(Records drawn from a dataset)

*** Block opens ***

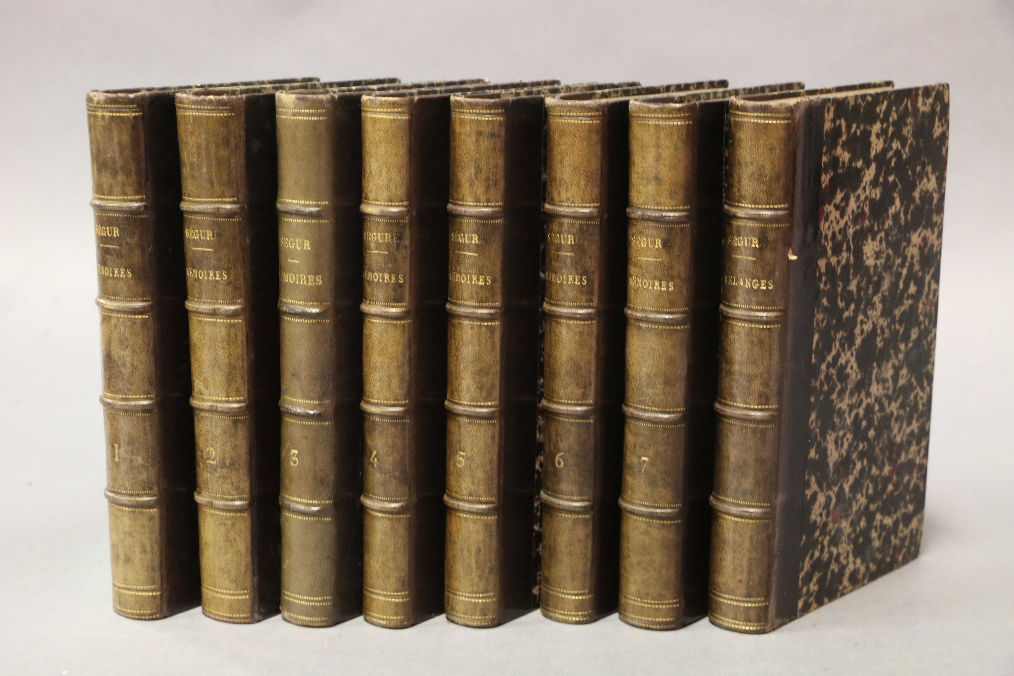 SEGUR (General Cte de). Histoire et mémoires. Paris, Firmin-Didot, 1873, 8 vol. in-8, half calf plum, spine ribbed, decorated and sunned. FIRST EDITION. The 8th volume Mélanges comprises the memories and musings of an octogenarian. Without the portrait and facsimile which are often lacking.
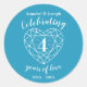 Blue topaz celebrando 4 años de pegatinas del aniversario del amor. Sencillo contorno de infarto de roca de topaz en azul y blanco, cuarto Boda pegatinas redondos de aniversario. Personalizar con sus propios detalles del fiesta de los cuatro bodas. El cuarto aniversario se asocia con la piedra de roca azul topaz y el corazón simboliza el amor. Gráficos y diseño de Sarah Trett para www.mylittleeden.com en zazzle.
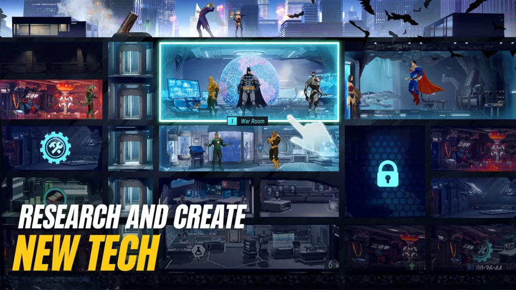 • Customize and develop your Batcave, transforming it into a formidable base with advanced technologies and training facilities.
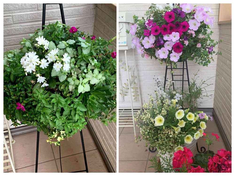 ペチュニアのハンギングバスケット。ピンチ中です。開花したらどんな風になるかなぁ。
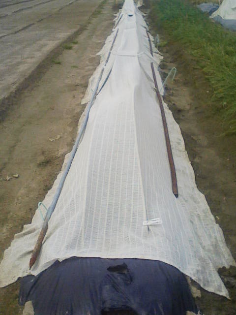 オクラの苗を定植しました今年は、最初の芽出しに失敗2回目となり、少し遅れてしまいましたおまけに、苗も徒長まぁ~、深植えすれば・・・何とかなるだろうと言う事で・・・畝作り・・・畝高10cm位穴掘り・潅水・オルトランを撒き苗を配置植え付け・・・更に潅水風で倒れないよう、不織布を被せました泥はね除けに、少し藁も敷き植え付け終了全部で・・・・12本今年の夏野菜植え付けはこれで全て終了しました~ ほなぁ~
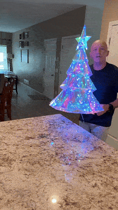 MESMERISING IRIDESCENT GLOW: The LED Christmas tree is covered in iridescent-coloured panels. When lit by the bright white LEDs, the iridescent panels produce beautiful rainbow-like patterns of light. Much like a bubble, they also sparkle and shimmer when viewed at different angles to create an enchanting light display.
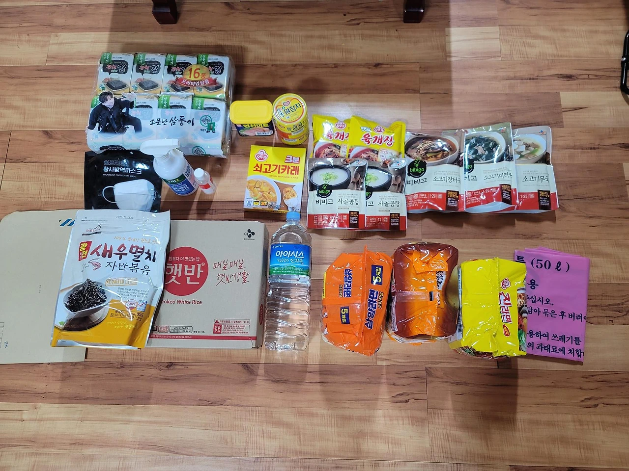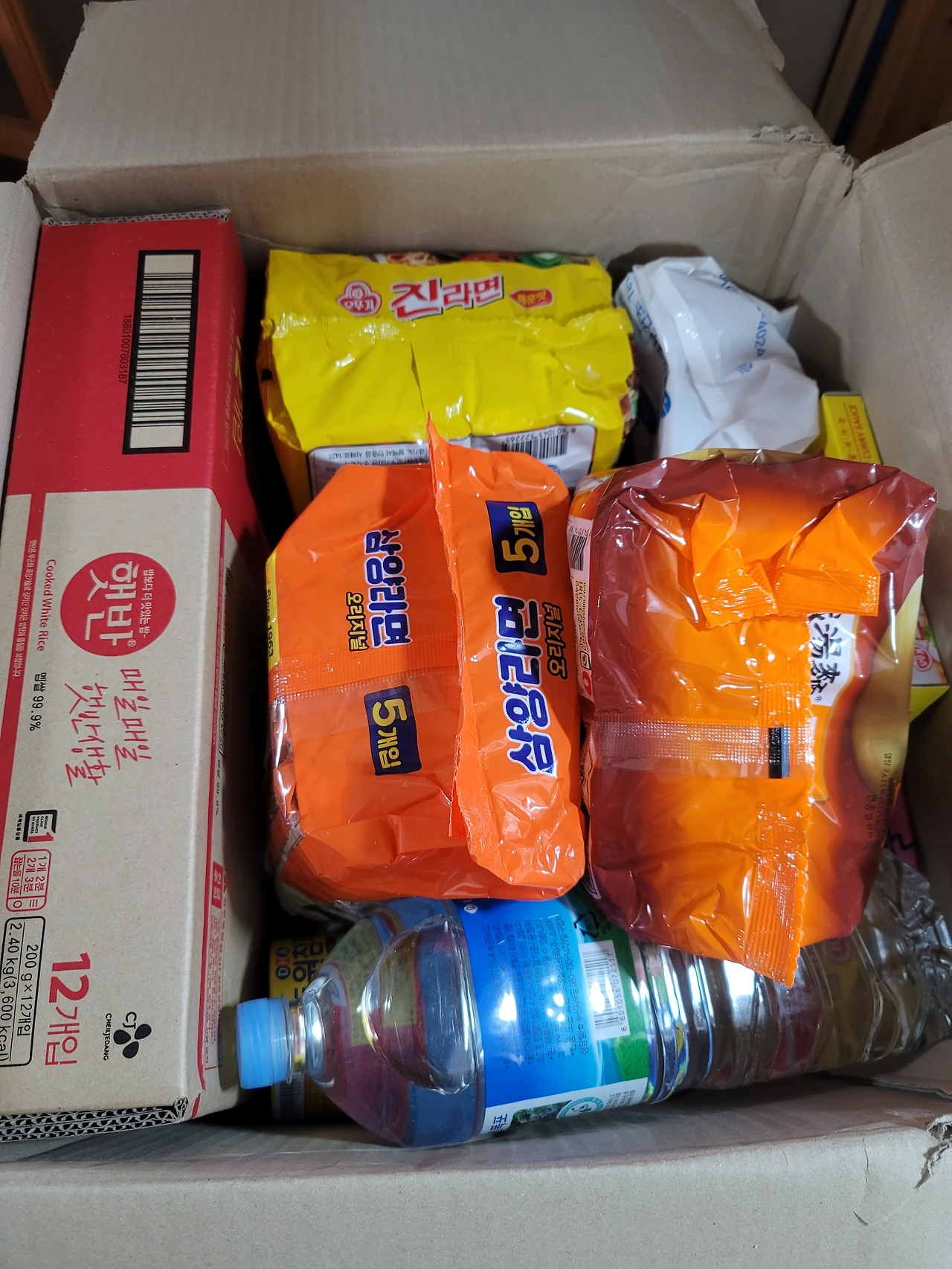 구호물품 꾸러미는 생각했던 것보다 훨씬 실하게 들어있다. 우선 라면과 참치, 햇반으로도 일주일 정도는 넉넉히 지낼만할 것 같다. 거기에 각종 레토르트 식품들이 들어있다.

*** Block closes ***

▶ [TASK TO COMPLETE] Print exactly, with no pictures, the lines above from the one that holds "ペチュニアのハンギングバスケ" through the one that holds "オクラの苗を定植しました今年", both of them included.

▶ [ANSWER TO THIS PROBLEM]
 ペチュニアのハンギングバスケット。ピンチ中です。開花したらどんな風になるかなぁ。
 オクラの苗を定植しました今年は、最初の芽出しに失敗2回目となり、少し遅れてしまいましたおまけに、苗も徒長まぁ~、深植えすれば・・・何とかなるだろうと言う事で・・・畝作り・・・畝高10cm位穴掘り・潅水・オルトランを撒き苗を配置植え付け・・・更に潅水風で倒れないよう、不織布を被せました泥はね除けに、少し藁も敷き植え付け終了全部で・・・・12本今年の夏野菜植え付けはこれで全て終了しました~ ほなぁ~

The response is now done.